A Phase III, multi-centre, double-blind randomised controlled trial in subjects with chronic antibiotic refractory pouchitis.

Subjects will undertake a <2 week screening period to provide baseline data and be assessed for eligibility. At the Baseline visit (Day 1) eligible subjects will be randomised on a 1:1 basis to either a) 240 mg alicaforsen enema or b) matching placebo.

Study drug will be administered once nightly (on going to bed) up to and including week 6. Following the Day 1 Visit, subjects will return to the clinic for safety and efficacy assessments at Week 3, 6, 10, 18 and 26.

Subjects may receive certain permitted medications as per Entry Criteria, which must remain at stable doses throughout the trial.
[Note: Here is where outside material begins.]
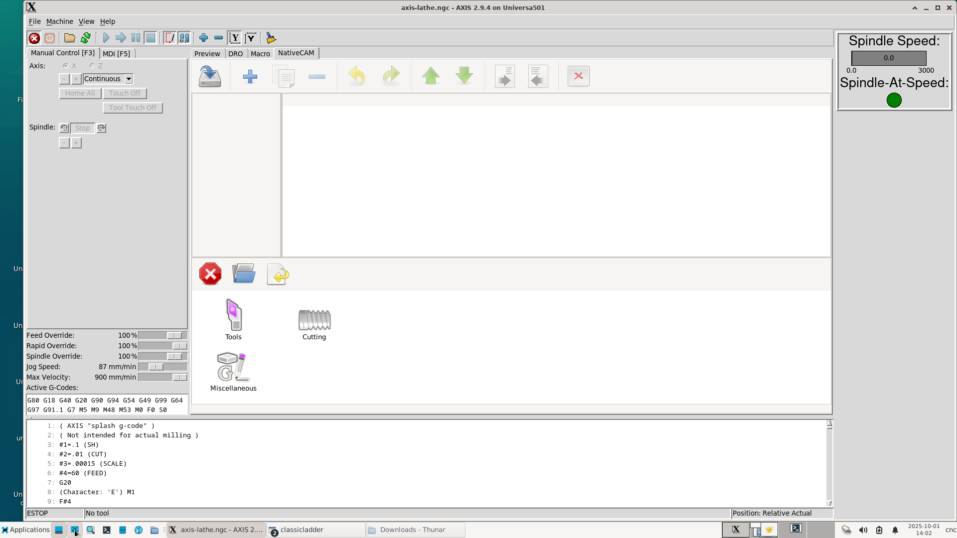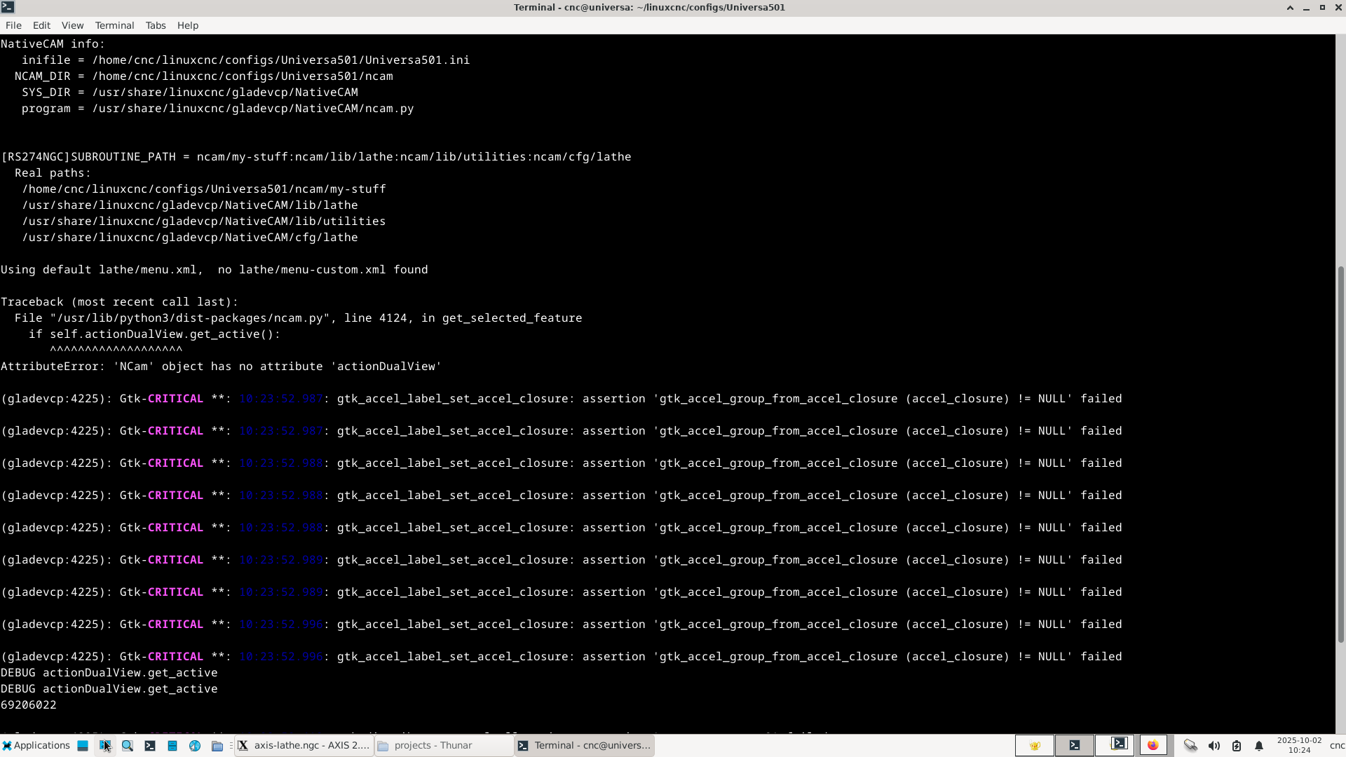 I'm trying to reinstall LinuxCNC on Debian 12, but I can't get NativeCam to work. I'm missing the menu and actions in the left pane. Does anyone have any ideas?

Introduction of any new medication for pouchitis, or a dose change to an existing concomitant medication for pouchitis, other than those detailed in the protocol, will not be permitted.

Clinical symptoms associated with pouchitis will be recorded daily by the patient in a diary card.

Subjects will undergo endoscopic examination of their pouch (during Screening, and at Weeks 6 and 10). Where technically feasible, each endoscopy will provide at least one biopsy sample for histopathology.

In addition to endoscopic, histopathologic and symptomatic assessments, Quality of Life will be assessed.

Bloods for routine assessment, including haematology and biochemistry will be taken. Bloods and stool samples will be collected to evaluate relevant biomarkers.